Hacker News new | past | comments | ask | show | jobs | submit login
I made an app that lets you split a file into horcruxes (github.com/jesseduffield)
243 points by jesseduffield on Aug 2, 2020 | hide | past | favorite | 80 comments



One related scheme is fountain codes, where you can split a file into a pseudo infinite stream of blocks such that finding N blocks will almost certainly allow reconstruction. Very useful in UDP / satellite transmission, where you can keep broadcasting these blocks and clients can listen at their convenience.

The state of the art codec is RaptorQ, I’ve got a Go library that uses the slightly older Raptor standard to do chunking

https://github.com/sudhirj/pump



What happens if you can't get N blocks, but say N-1 or N-2? Can you get a partial reconstruction, or nothing at all?


It's actually probabilistic, though the probabilities very quickly approach 0 and 1 on each side.

But to answer your question, yes, you could recover some of the file if you didn't get as many pieces as you needed. Been a year or so since I did any work with fountain codes, but I believe most implementations send all the chunks, followed by n error correction chunks, so it would depend on how many real chunks you got. The error corrections wouldn't get you anywhere though.


online codes [0] just generate random linear equations of the source chunks and send both generated right hand side and the seed that generated the equation. This way there's no state to keep (now, which equations did I send ?) Most generated equations are of degree 2 (so an equation with 2 ones) some (about 1% iirc) are of degree 1 (so pure data). Having less than the critical mass of equations will give you partial reconstruction. But all bets are off regarding how much you will get. They were used in storage by Amplidata in their Amplistor at some point.

[0] https://en.wikipedia.org/wiki/Online_codes


Fountain codes are seeing use in DNA storage encoding schemes. That's how I use them, at any rate.

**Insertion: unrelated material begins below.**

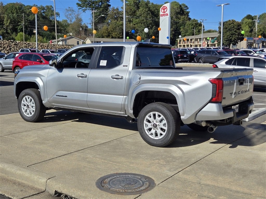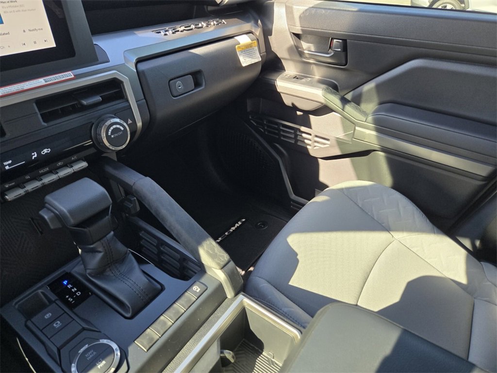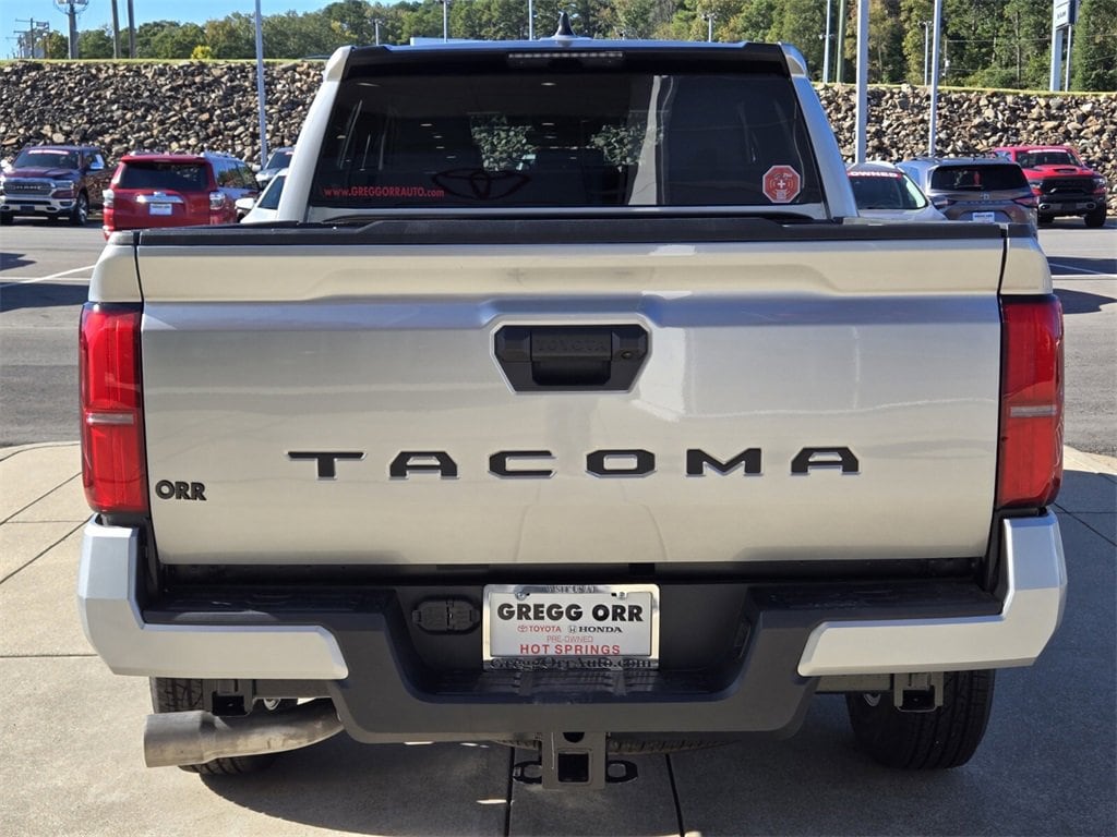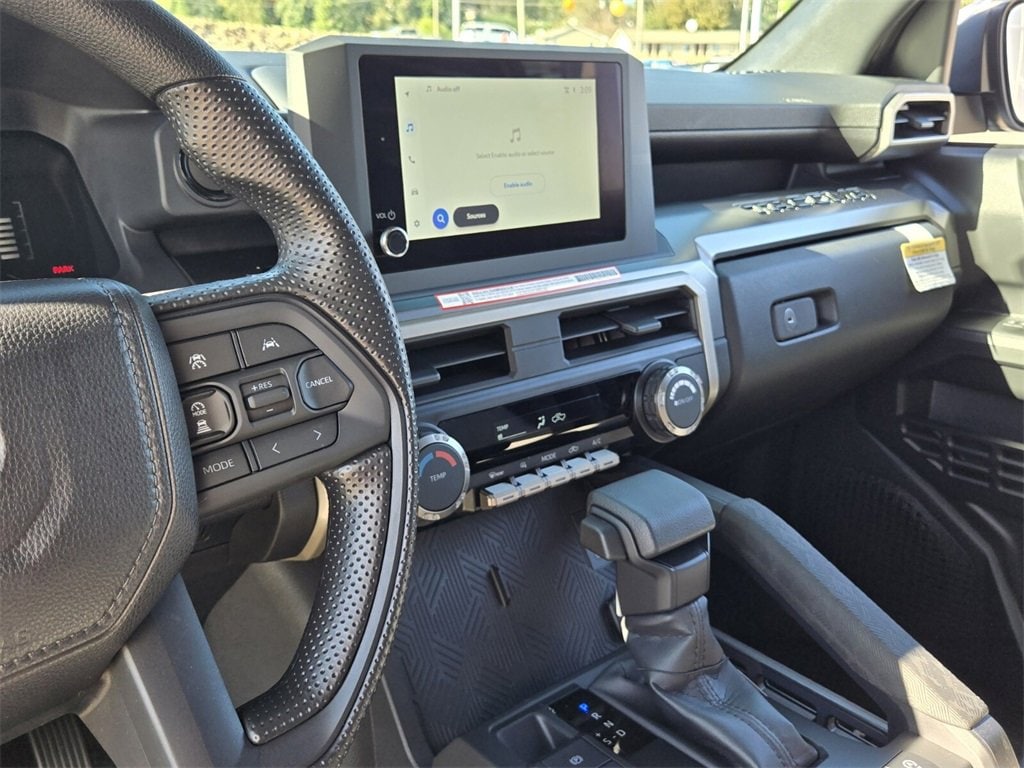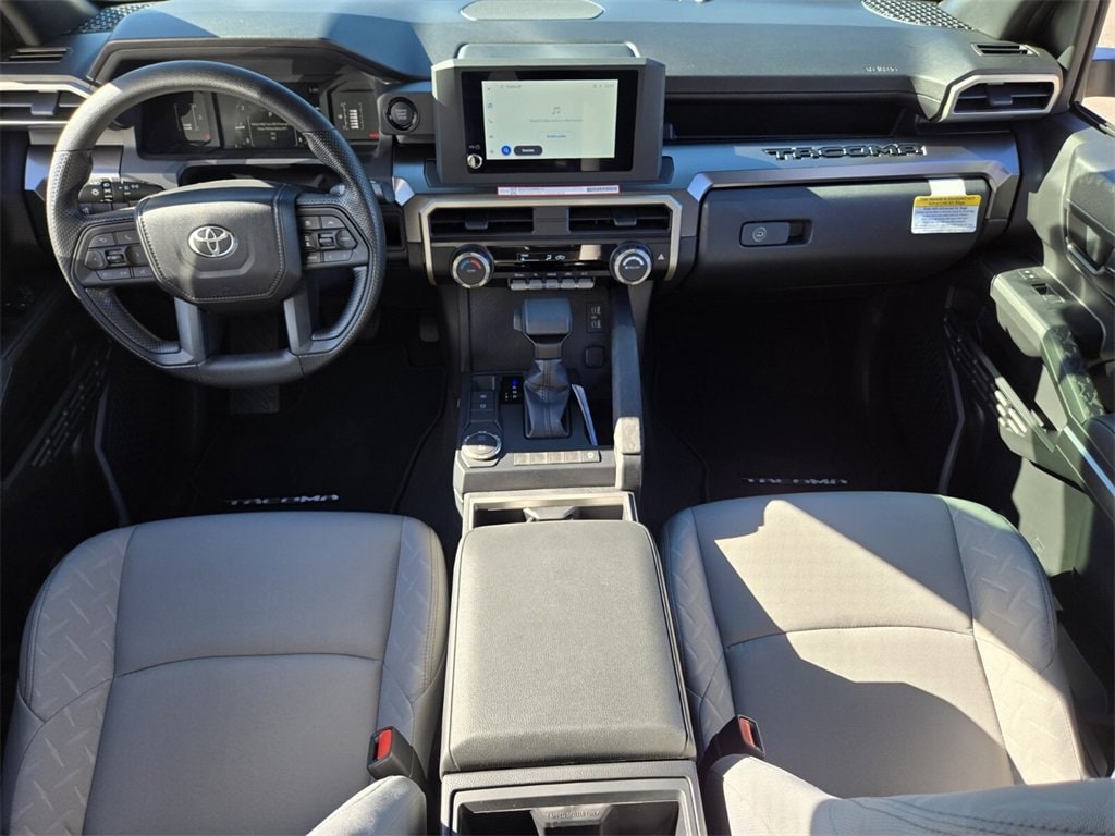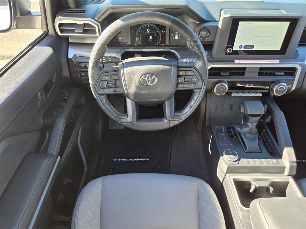 Silver This 2025 Toyota Tacoma comes equipped with, 3.583 Axle Ratio, 4-Wheel Disc Brakes, 6 Speakers, ABS brakes, Air Conditioning, Alloy wheels, AM/FM radio: SiriusXM, Anti-whiplash front head restraints, Apple CarPlay/Android Auto, Auto High-beam Headlights, Auto-dimming Rear-View mirror, Brake assist, Bumpers: body-color, Driver door bin, Dual front impact airbags, Dual front side impact airbags, Electronic Stability Control, Emergency communication system: Safety Connect (1-year trial), Exterior Parking Camera Rear, Fabric Seat Trim, Four wheel independent suspension, Front anti-roll bar, Front Bucket Seats, Front Center Armrest, Front fog lights, Front reading lights, Fully automatic headlights, Heated door mirrors, Illuminated entry, Knee airbag, Low tire pressure warning, Occupant sensing airbag, Outside temperature display, Overhead airbag, Overhead console, Panic alarm, Passenger door bin, Power door mirrors, Power steering, Power windows, Radio: 8" Toyota Audio Multimedia, Rear step bumper, Rear window defroster, Remote keyless entry, Speed control, Speed-sensing steering, Split folding rear seat, Spray-On Bed Liner (TMS), Steering wheel mounted audio controls, Tachometer, Telescoping steering wheel, Tilt steering wheel, Traction control, Trip computer, Variably intermittent wipers, Wheels: 17" Styled Alloy. 21/26 City/Highway MPG

I know nothing about this but it sounds super interesting. Care to share more?


I was almost posting a snarky comment about how this is just Shamir's Secret Sharing, which is in no way new.

But, hey, this is really cool. It was probably really fun to write, and luminates a cool scheme that too few know anything about.


Turns out the only other shamir secret sharing app I know of that's actually usable (ssss or somesuch name) only does the deed for keys, while this does it for files.

This is actually pretty useful, but sort of sad it drags the whole go ecosystem with it (who knows what go will look like in 20 years and if this app will still compile and work).


> This is actually pretty useful, but sort of sad it drags the whole go ecosystem with it (who knows what go will look like in 20 years and if this app will still compile and work).

This is something which the CS community needs to solve, imho. I.e. provide an executable language with a formal specification that is guaranteed to be available indefinitely. And to make this more useful, other programming languages should provide back-ends targeting this language.


For better and worse, isn't that what WASM is/has become/will become?


1. Write your will;

2. Split it into N + 1 horcruxes and distribute them to your N children; and a remaining piece to a lawyer;

3. Force them to all come together to decrypt the will for fairness.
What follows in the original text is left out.